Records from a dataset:
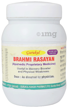 Gurukul Brahmi Rasayan is an ayurvedic formula that improves memory, mental strength, cognition, immunity, general well-being etc. It is regarded as an excellent cerebral tonic. It is a paste of herbs and fruits that provide essential nutrients required to increase brain power. The Rasayan can also improve physical strength and health upon regular consumption as it provides the essential energy that people require to lead a healthy life.
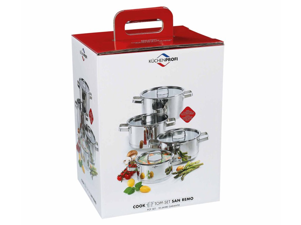Pokud vaříte pro své přátele nebo rodinu, je sada hrnců SAN REMO ideální. Tři hrnce na maso a pekáč dělají vše pro to, aby se vaše pokrmy vydařily. Se čtyřmi různými velikostmi existuje ta správná velikost pro každou příležitost a pro každou varnou desku. Sada těchto 4 hrnců je vhodná na všechny typy sporáků včetně indukce. Extra pevná vícevrstvá základna rovnoměrně distribuuje teplo pro dokonalý výsledek. Tepelně izolační rukojeti, vnitřní stupnice a víko z bezpečnostního skla. Víko z bezpečnostního skla pomáhá s energeticky úspornou přípravou a obsah máte vždy na očích. Tepelně izolační rukojeti jsou z nerezu a můžete za ně chytit a nespálíte se.
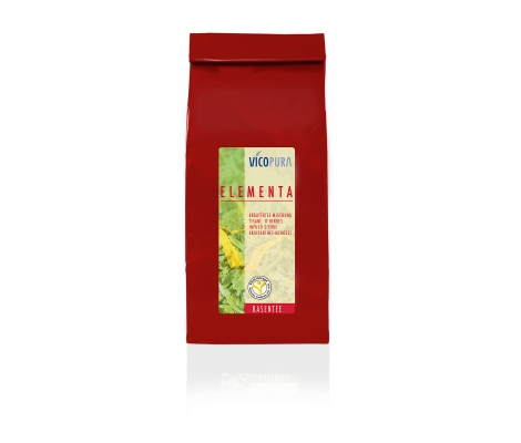 Anis, Birkenblätter, Brennnesselblätter, Brombeerblätter, zerbrochene Kräuter, Bohnenkraut, Bohnenschoten, Ehrenpreis, Eisenkraut, Fenchel, Hagebutte, Holunderblüte, Kümmelsamen, Labkraut, Zitronengras, Lindenblüten, Liebstöckelblätter, Lungenkraut, Majoran, Malvenblätter, Zitronenmelisse, Nelken, Süßorangenschalen, Petersilie, Ringelblume, Rosmarin, Schlehe, Spitzwegerich, Veilchen, natürliche Süßholzwurzel, Zitronengras, Thymian, Wacholderspitzen, Waldmeister.Verwendung von Vicopura Elementathee:
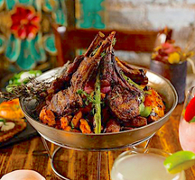 The atmosphere is filled with convivial chatter, exciting energy, the sounds of clinking glasses, and the aromas of fresh, succulent meats & seafood drifting from the kitchen. The scene is warm and inviting, all with a chic and sophisticated edge via dramatic 12-foot beamed ceilings, vintage mirrors, iron light fixtures, and reclaimed wood that all adds to the charm.
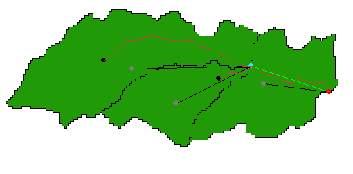 In sum, each black dot represents the most-upstream point of each defined stream. In addition, the blue dots are the outlet points from each sub-watershed. Green lines indicate a flow channel (i.e. the HEC-HMS will need to route water through these sections), while the red dot is the sink of the system. Not bad, eh??
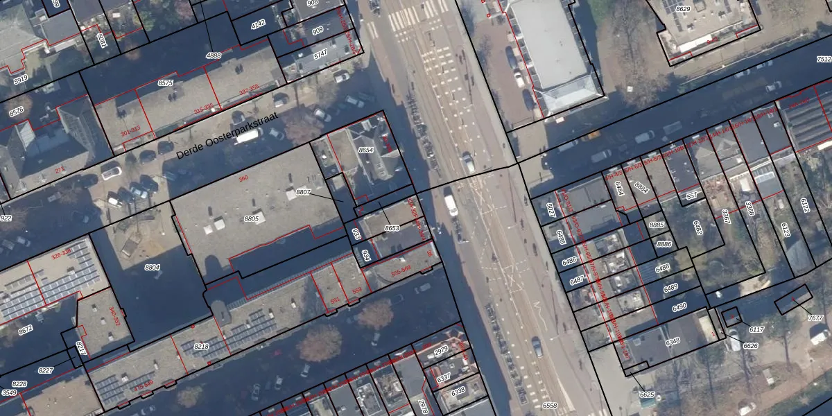 Het perceel waarop het adres ligt is ASD19-W-933. De afkorting 'ASD19' staat voor kadastrale gemeente Amsterdam. Het perceel is kleiner dan gemiddeld in Amsterdam. Het perceel is 110 m² groot, terwijl het gemiddelde ligt op 1563,61 m². Het kleinste perceel in de kadastrale gemeente is 0 m² groot. De grootste perceeloppervlakte is 17,9 ha. Er zijn 6 adressen aanwezig op het perceel. De laatste wijziging in het de Basisregistratie Kadaster (BRK) was op 01-11-2006.
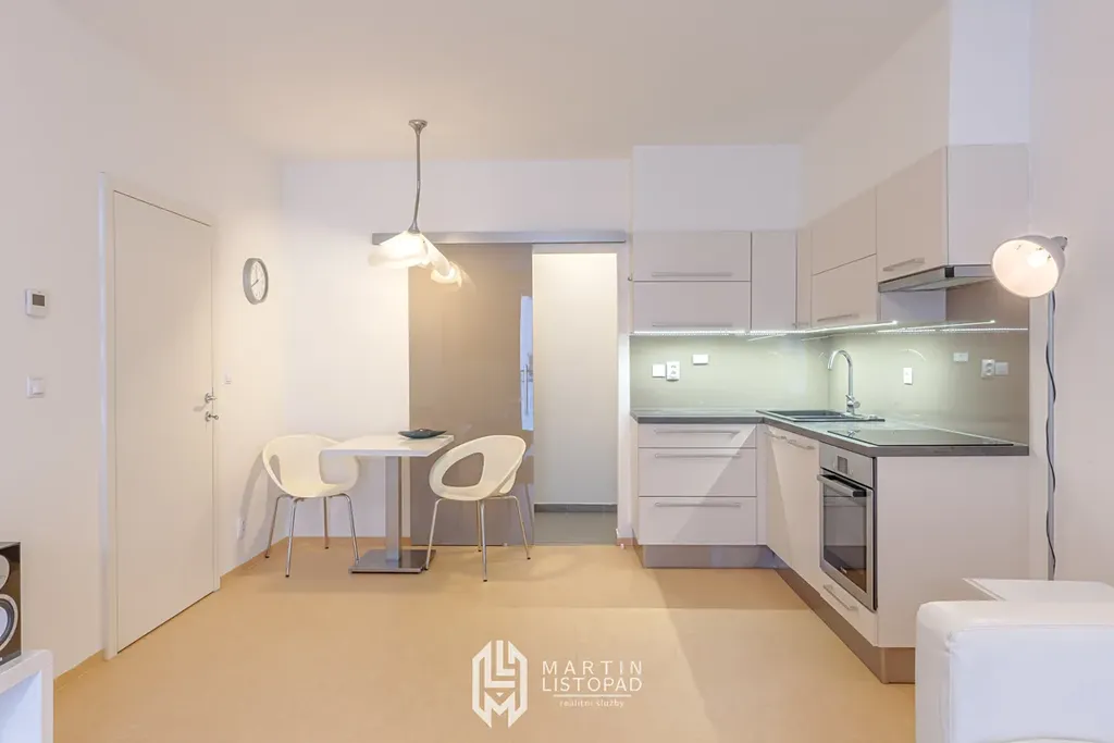 Byt se nachází ve 2. nadzemním podlaží a je ve velmi dobrém stavu. Díky velkým oknům je byt světlý a vzdušný. Dispozice bytu zahrnuje prostornou vstupní chodbu se šatníkem, koupelnu se sprchovým koutem, samostatné WC, ložnici s přímým vstupem na balkon a obývací pokoj propojený s kuchyňským a jídelním koutem. Kuchyňská linka je plně vybavena spotřebiči. K bytu dále náleží komora, ve které je umístěna lednice a pračka. Volně stojící nábytek je možno na základě dohody odkoupit.
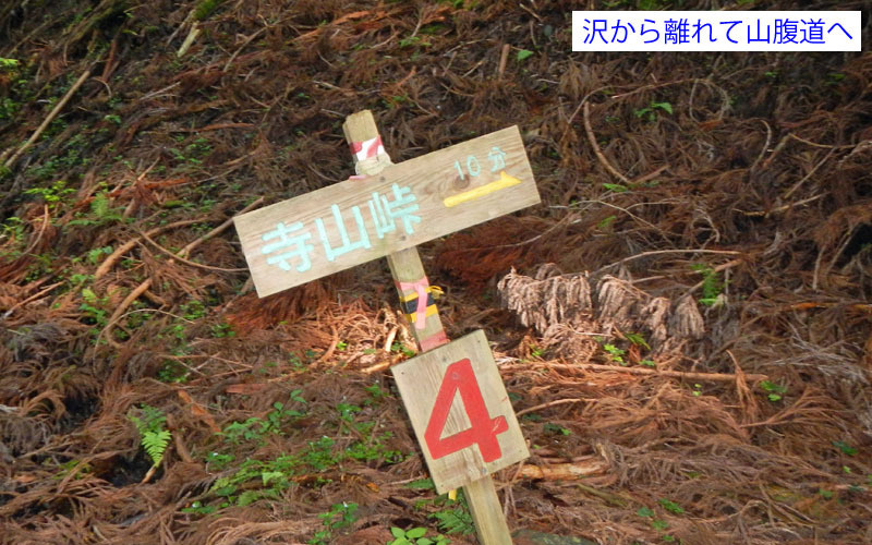 736沢から離れて山腹道で高度を上げる。道は良く踏まれており今のところ迷う心配は無い。744寺山峠に登り着き、今度は下りだ。10分弱で一の谷出合に着き、沢筋の道を上流に向う。一の谷を遡るルートは、何回も徒渉を繰り返す。水量は少ないので特段の問題はないが、ヒルが心配である。821雲取峠に出る。樹木が伐採されており、非常に明るい峠である。少し登った地点で、雲取山へのルートから離れて「雲取山北峰」に登ってみる。この山名は地図には記載が無く、ピークにも手作り標識があるだけだ。しかもそこには「標高約900m」などと自信無さげな数値が書かれている。元のルートに戻り雲取山には851着、山頂は樹林の中で眺望は無い。
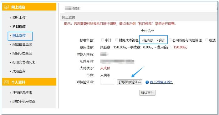 此部分考生需要核對要報考的科目,無疑義后,即可通過注冊時預留的手機獲取短信驗證碼,填寫并確認支付。
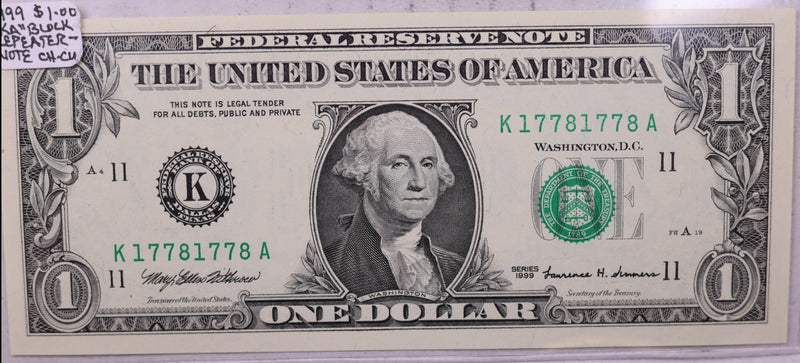 1999., $1., F.R.N., Repeater Serial Nr., Crisp Uncirculated., Store #0725
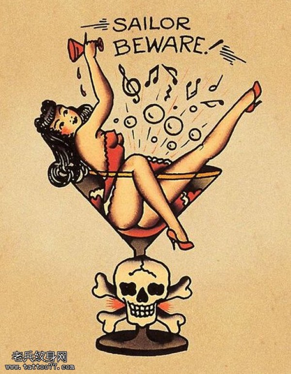 school风格骷髅女郎纹身图案由纹身图吧提供
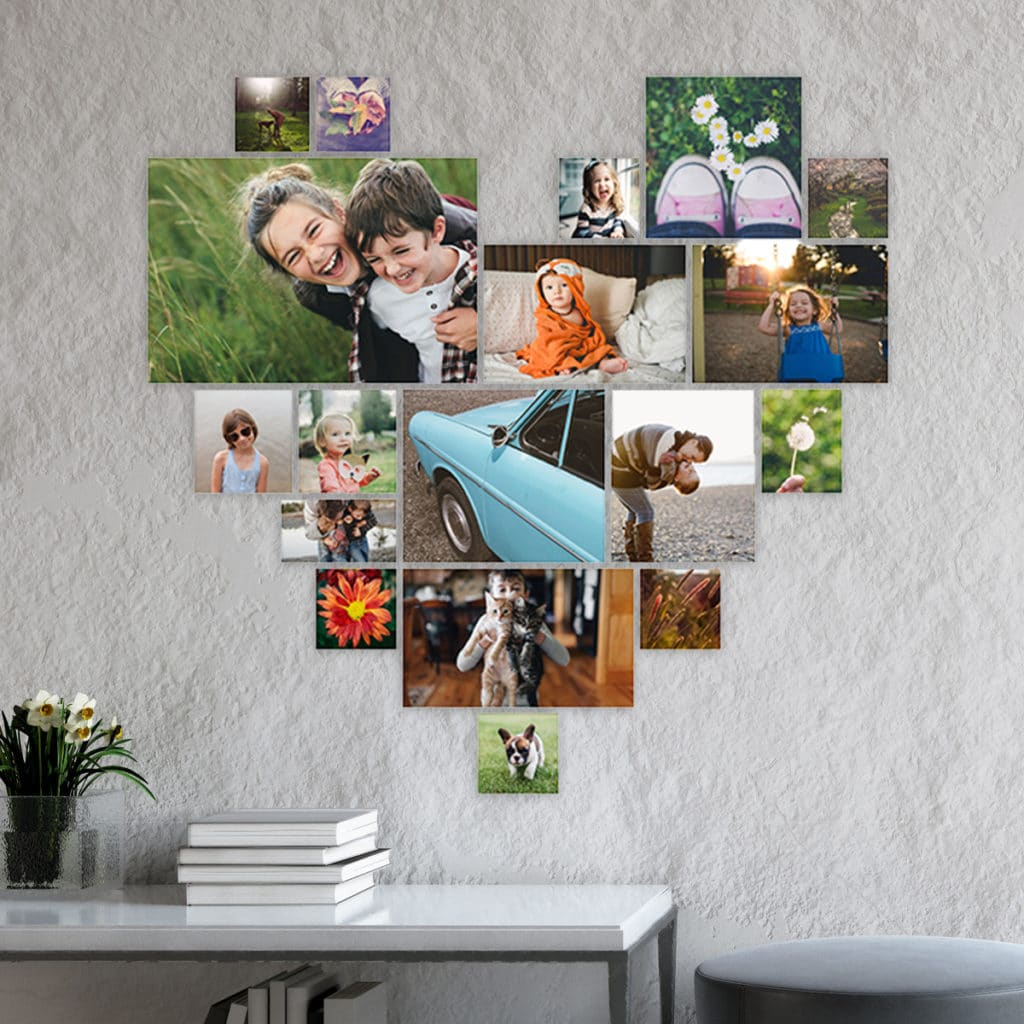 La première chose à faire est de décider de la taille d’impression de collage que vous souhaitez créer. Chez personnalisershirt.fr, les tailles d'impression de collage commencent à 4 × 4 et vont jusqu'au format affiche 20 × 30. Avec nos impressions de collage de plus petite taille, vous pouvez choisir une finition brillante ou mate. Si vous choisissez une impression de plus grand format, elle est livrée avec une finition mate.
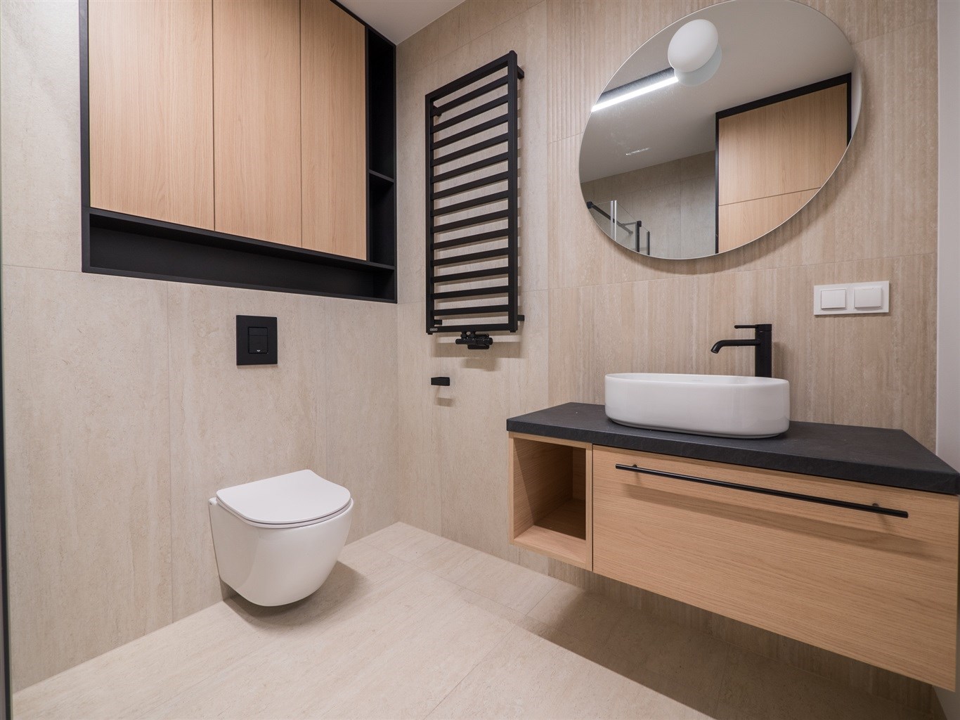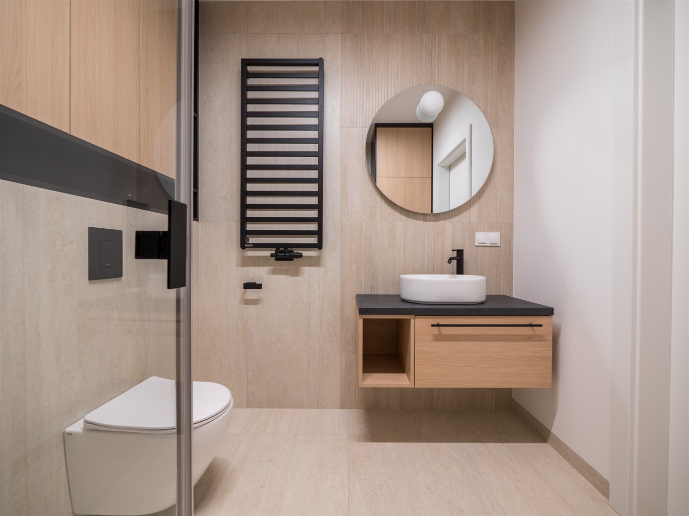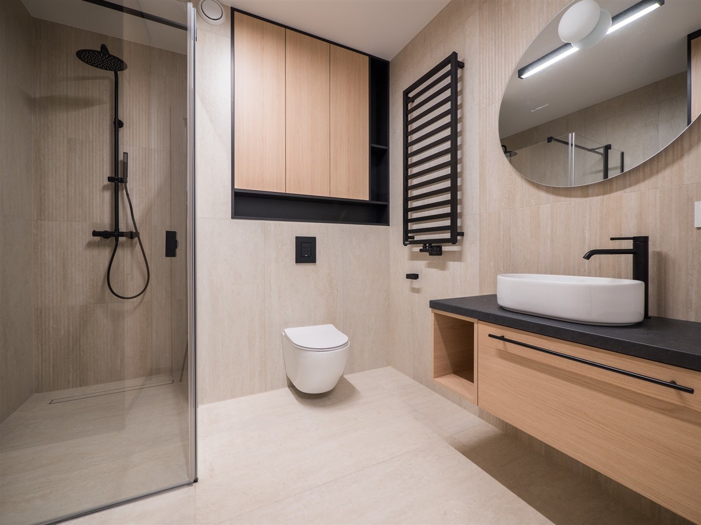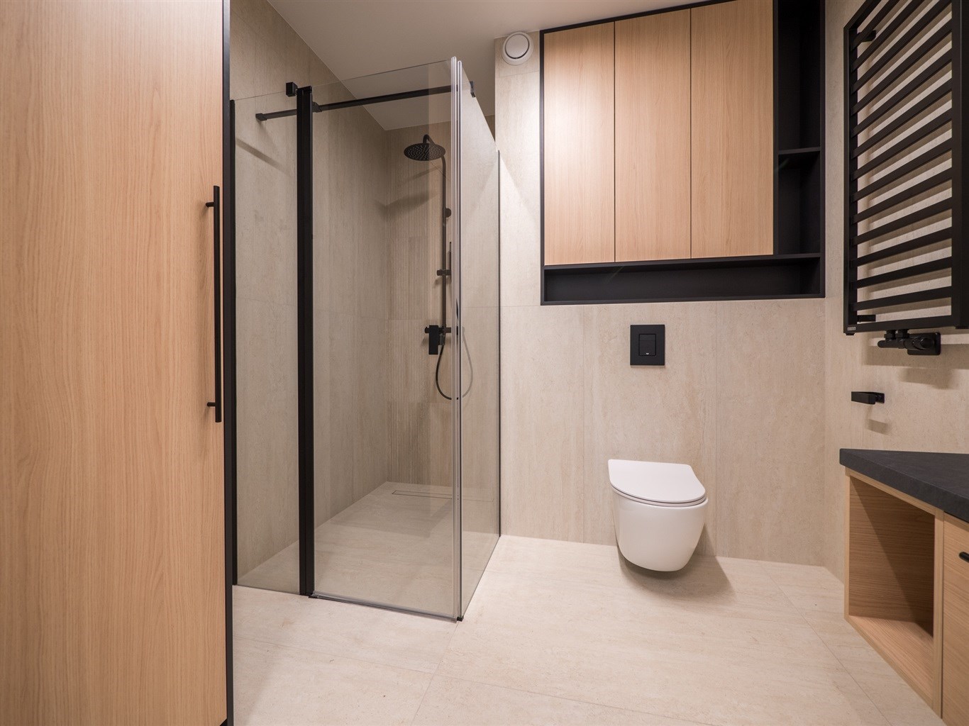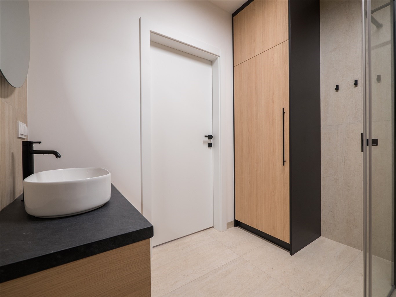 Łazienka wykończona w glazurze, obszerna kabina prysznicowa oraz pralka. Mieszkanie ustawne, przestronne, wykończone z najwyższej klasy materiałów.

• Assigned task:
Pictures aside, return exactly the lines from the data above, starting at the line that has "The atmosphere is" and ending at the line that has "school风格骷髅女郎纹身图案由纹身图吧提供", both included.

• Exercise output:
 The atmosphere is filled with convivial chatter, exciting energy, the sounds of clinking glasses, and the aromas of fresh, succulent meats & seafood drifting from the kitchen. The scene is warm and inviting, all with a chic and sophisticated edge via dramatic 12-foot beamed ceilings, vintage mirrors, iron light fixtures, and reclaimed wood that all adds to the charm.
 In sum, each black dot represents the most-upstream point of each defined stream. In addition, the blue dots are the outlet points from each sub-watershed. Green lines indicate a flow channel (i.e. the HEC-HMS will need to route water through these sections), while the red dot is the sink of the system. Not bad, eh??
 Het perceel waarop het adres ligt is ASD19-W-933. De afkorting 'ASD19' staat voor kadastrale gemeente Amsterdam. Het perceel is kleiner dan gemiddeld in Amsterdam. Het perceel is 110 m² groot, terwijl het gemiddelde ligt op 1563,61 m². Het kleinste perceel in de kadastrale gemeente is 0 m² groot. De grootste perceeloppervlakte is 17,9 ha. Er zijn 6 adressen aanwezig op het perceel. De laatste wijziging in het de Basisregistratie Kadaster (BRK) was op 01-11-2006.
 Byt se nachází ve 2. nadzemním podlaží a je ve velmi dobrém stavu. Díky velkým oknům je byt světlý a vzdušný. Dispozice bytu zahrnuje prostornou vstupní chodbu se šatníkem, koupelnu se sprchovým koutem, samostatné WC, ložnici s přímým vstupem na balkon a obývací pokoj propojený s kuchyňským a jídelním koutem. Kuchyňská linka je plně vybavena spotřebiči. K bytu dále náleží komora, ve které je umístěna lednice a pračka. Volně stojící nábytek je možno na základě dohody odkoupit.
 736沢から離れて山腹道で高度を上げる。道は良く踏まれており今のところ迷う心配は無い。744寺山峠に登り着き、今度は下りだ。10分弱で一の谷出合に着き、沢筋の道を上流に向う。一の谷を遡るルートは、何回も徒渉を繰り返す。水量は少ないので特段の問題はないが、ヒルが心配である。821雲取峠に出る。樹木が伐採されており、非常に明るい峠である。少し登った地点で、雲取山へのルートから離れて「雲取山北峰」に登ってみる。この山名は地図には記載が無く、ピークにも手作り標識があるだけだ。しかもそこには「標高約900m」などと自信無さげな数値が書かれている。元のルートに戻り雲取山には851着、山頂は樹林の中で眺望は無い。
 此部分考生需要核對要報考的科目,無疑義后,即可通過注冊時預留的手機獲取短信驗證碼,填寫并確認支付。
 1999., $1., F.R.N., Repeater Serial Nr., Crisp Uncirculated., Store #0725
 school风格骷髅女郎纹身图案由纹身图吧提供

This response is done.